%%

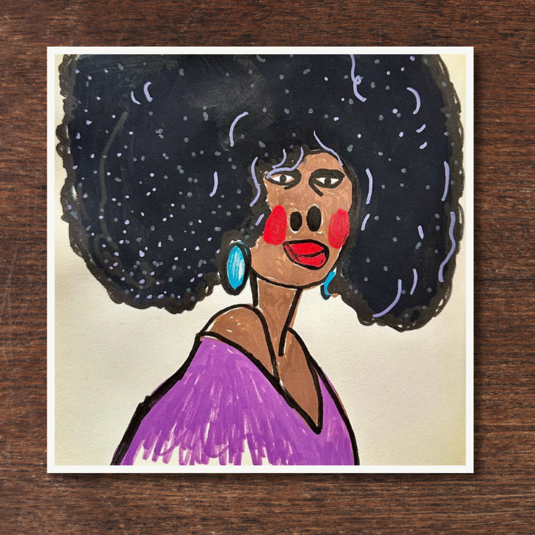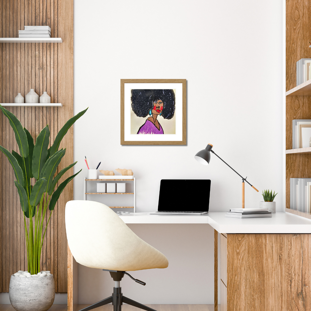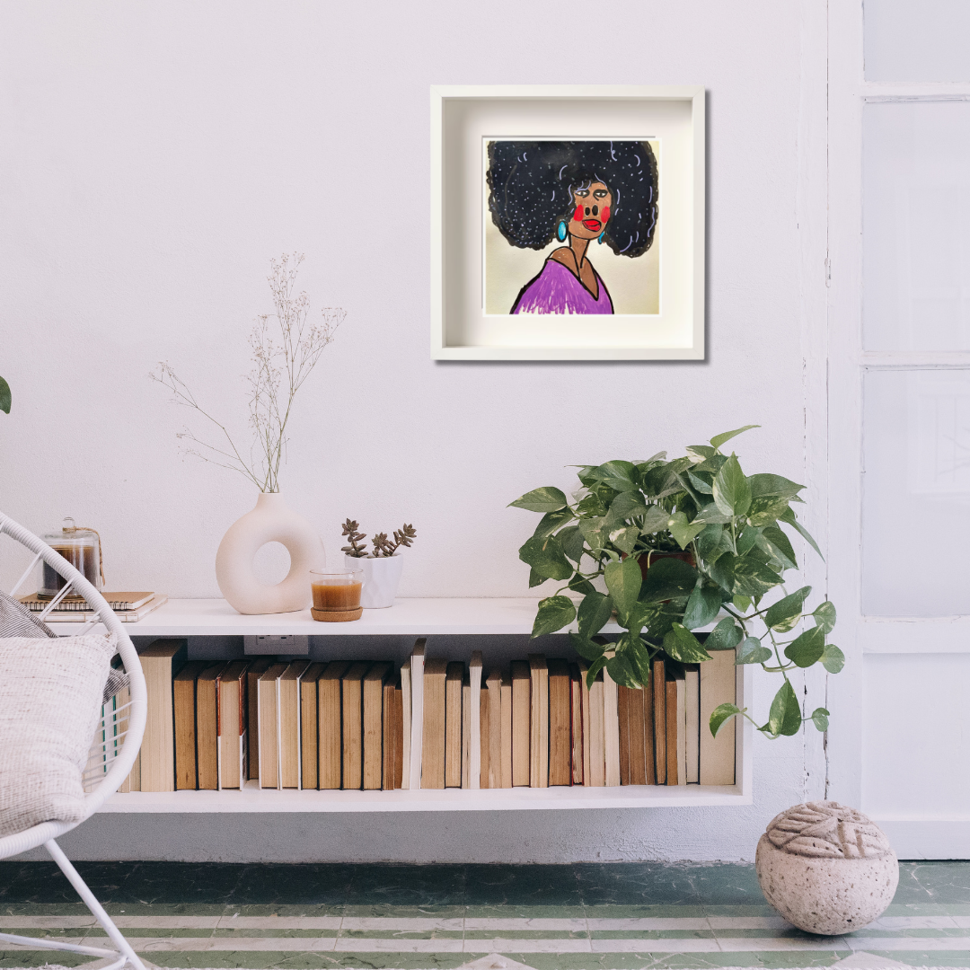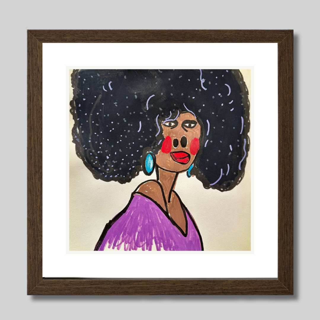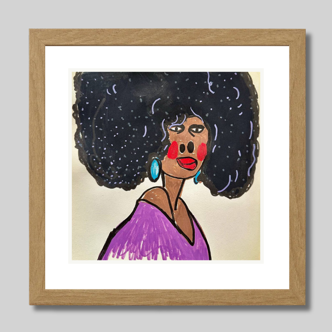 Radiating charm and individuality, “Purple” is a vibrant fine art print based on an original portrait by Azam Mahdavi. The figure's expressive face, crowned by an iconic textured afro and styled with turquoise earrings and a plum-toned top, exudes character and unapologetic presence. Playful lines and bold contrasts bring this striking personality to life.
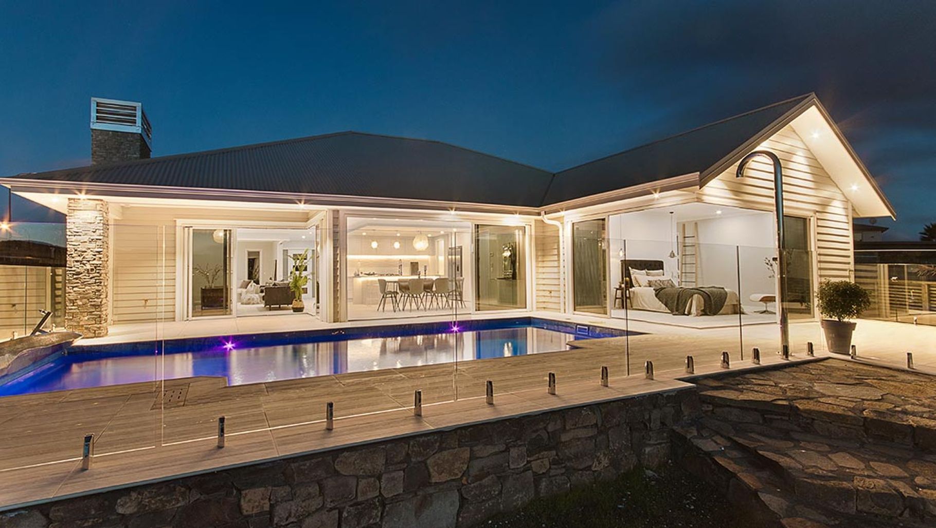 ArchiPro Project Summary - Elegant pool fence and interior glazing solutions for the Whitianga Waterways project, featuring Haynes Balustrades, Bevelled Mirrors, and Showers, completed in Winter 2018 for DW Homes.
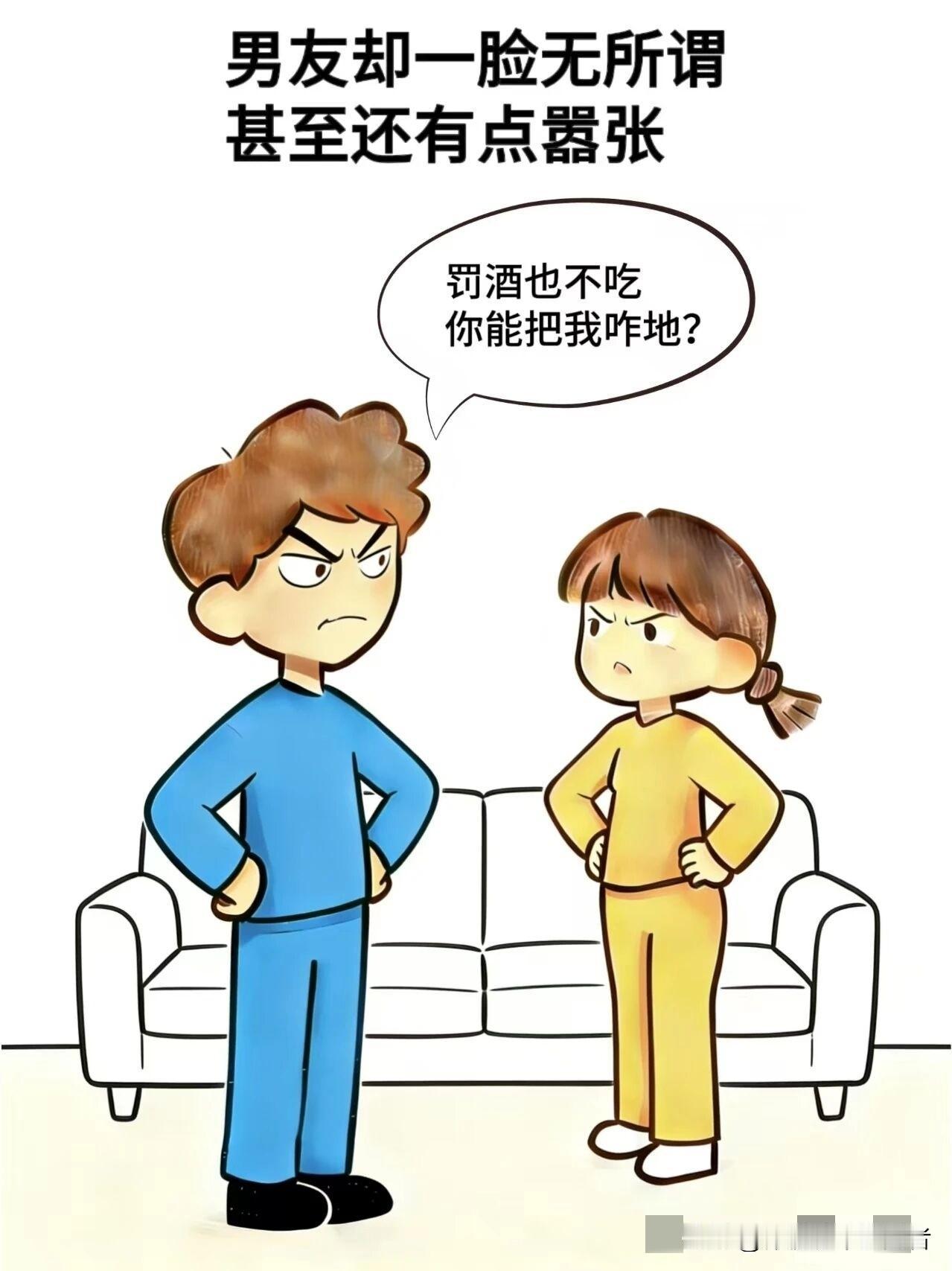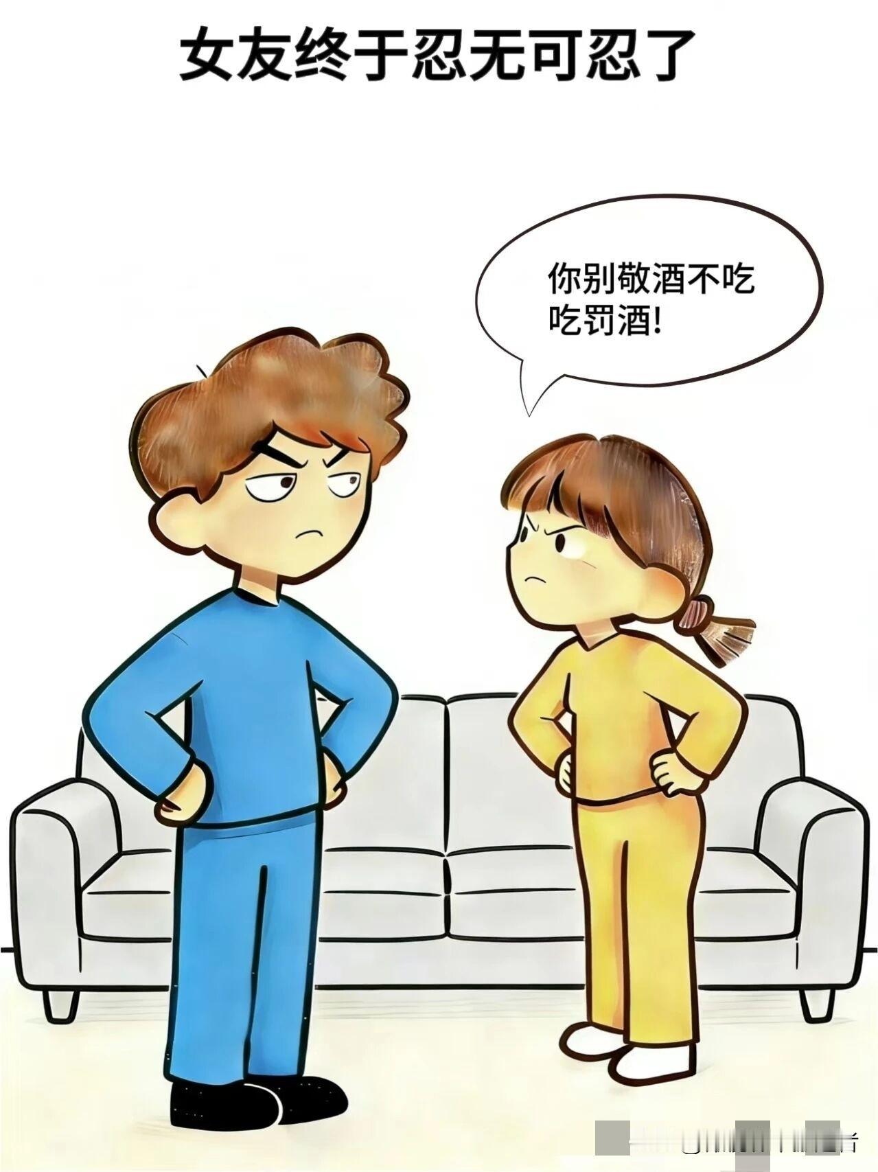 趣味漫画:女友:你别敬酒不吃吃罚酒,男友:罚酒也不吃,你能把我咋地,女友:罚酒不

%%

- **EXERCISE DIRECTIONS**
Using the material above, return every line exactly as it appears, minus the pictures.

- **SOLUTION FOR THIS EXERCISE**
 Radiating charm and individuality, “Purple” is a vibrant fine art print based on an original portrait by Azam Mahdavi. The figure's expressive face, crowned by an iconic textured afro and styled with turquoise earrings and a plum-toned top, exudes character and unapologetic presence. Playful lines and bold contrasts bring this striking personality to life.
 ArchiPro Project Summary - Elegant pool fence and interior glazing solutions for the Whitianga Waterways project, featuring Haynes Balustrades, Bevelled Mirrors, and Showers, completed in Winter 2018 for DW Homes.
 趣味漫画:女友:你别敬酒不吃吃罚酒,男友:罚酒也不吃,你能把我咋地,女友:罚酒不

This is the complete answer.